# Love to hate it - Chi habits



## Aust Chi Mumma (Sep 15, 2010)

I'm sure we all have something that we love to hate about out Chi's! 

Fiddle has a few quirky things going on, but my biggest love to hate is when she *insists* on chewing her treats or toys on my FEET. 

Not just at or around them.... ON them haha 


What do you love to hate about you Chi's!?


----------



## kimr (Nov 14, 2010)

Well, I have the same love to hate as you do...

I always sit on the couch with my legs pulled up and tucked beside me, and she insists on getting on top of my bare feet with her pig ears and chomping on it. She doesn't realize that those sharp edges she makes by chewing on them actually hurt!

And, I love to hate that when she acts like she's going to give me a kiss, she sometimes gets overzealous and bites my nose!


----------



## Aust Chi Mumma (Sep 15, 2010)

kimr said:


> Well, I have the same love to hate as you do...
> 
> I always sit on the couch with my legs pulled up and tucked beside me, and she insists on getting on top of my bare feet with her pig ears and chomping on it. She doesn't realize that those sharp edges she makes by chewing on them actually hurt!
> 
> And, I love to hate that when she acts like she's going to give me a kiss, she sometimes gets overzealous and bites my nose!


LOL if I'm on the couch with my feet on the floor she tries to wedge rawhide sticks/bully sticks in between my toes! Eeerrrgggghh! Lol It hurts if cause she isn't gentle lol. But at least I can cover my feet then, when I'm standing in my room getting dressed - my god lol. 

Haha Fiddle does that too, or you think she is conning to give a kiss and then "palms" you in the face, usually the eye or lips. It's cute but it's a love to hate haha


----------



## MaisysMom (Mar 9, 2011)

Maisy insist on being as close to me as possible. When I'm on the couch, sitting against the cushions, she has to be wedged between me and the couch, even if there's no room! I love that she always wants to be with me, but I hate her getting in the way!

She's also afraid of linoleum floors. She refuses to come into the kitchen or into the bathroom. I don't understand it, and sometime it's just annoying. 

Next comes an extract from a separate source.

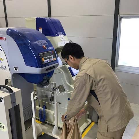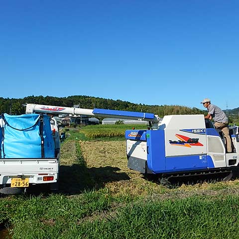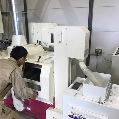 収穫されたお米は直ちに乾燥調整プラントに持ち込み、生の籾を乾燥します。乾燥した籾は、籾摺り機で、外の皮を剥ぎ玄米にし、籾摺り⇒石抜き(1.8㎜目での選別)⇒色彩選別機⇒計量選別機(1.9㎜目での選別して計量)の順に玄米にします。乾燥した玄米はいつでもフレッシュな状態で出荷できるように低温保管室にて保管されます。
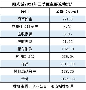 截至去年9月底,阳光城流动资产余额约3149.77亿元,主要是存货及货币资金,其中货币资金217.8亿元,同比下降45.43%,主要因偿还有息负债所致;存货2013.88亿元,同比增加1.23%,变现能力随市场下行而有所下降。该公司并未披露三季度流动资产受限情况。

My fiance loves to hate that she sleeps on his pillow. She kicks him in the head all night. He misses her when she's gone thou.


----------



## Blondie87 (Jan 10, 2011)

Well I don't know if this is what love to hate means, but I love and hate a couple of the things the girls do. They both involve them licking us, which they love to do. Bella will get super excited and nibble while she licks your face sometimes, which is cute but sometimes it hurts. Which is why I love it about her, but I hate it sometimes. And Izzie, well she lives to "nose rape" ppl while she licking you... Lol. Which.. Yeah.. Sucks! But it's her thing that she does, so it cute and funny at the the time.


----------



## Reese and Miley (Jun 24, 2010)

Miley and Reese both do something thats annoying but also sort of cute, so we havent made an attempt to correct it, so maybe I shouldnt complain! But- Miley loves to sit on my my chest, if Im reading a book or on my computer she will sit right down in front of my face and not want to budge. Reese does a couple little things when he wants something, if he wants under the covers he scratches three times with his front paw, on the duvet or sometimes your arm, like hes knocking, asking to have the covers lifted up so he can go under. Apparently Drews seen him do it when Im sleeping and without waking up Ive lifted up the covers for him lol. He also does this thing where he kicks his back legs out several times. It used to be just to get my attention to tell me that he needed to go outside, and when you ask hed get really excited. Now he has started to abuse it though....he does it if its getting close to dinner time and he wants me to feed them right now, and more and more it has started to mean " I want a chewy!" (bully stick, etc). He keeps doing it if you ignore him, and if Im on my laptop he comes up and pulls the screen backwards with his front paws to get my attention  Bad manners and easy to fix, but I think its funny as well as annoying, so we deal with it.


----------



## Chiwawa Lover (Feb 28, 2011)

*Love to Hate*

I love to hate when Chico pretend's his gonna give me a kiss then goes in for my nose and tries to bite it.. Obviously a common thing for pup's to do!!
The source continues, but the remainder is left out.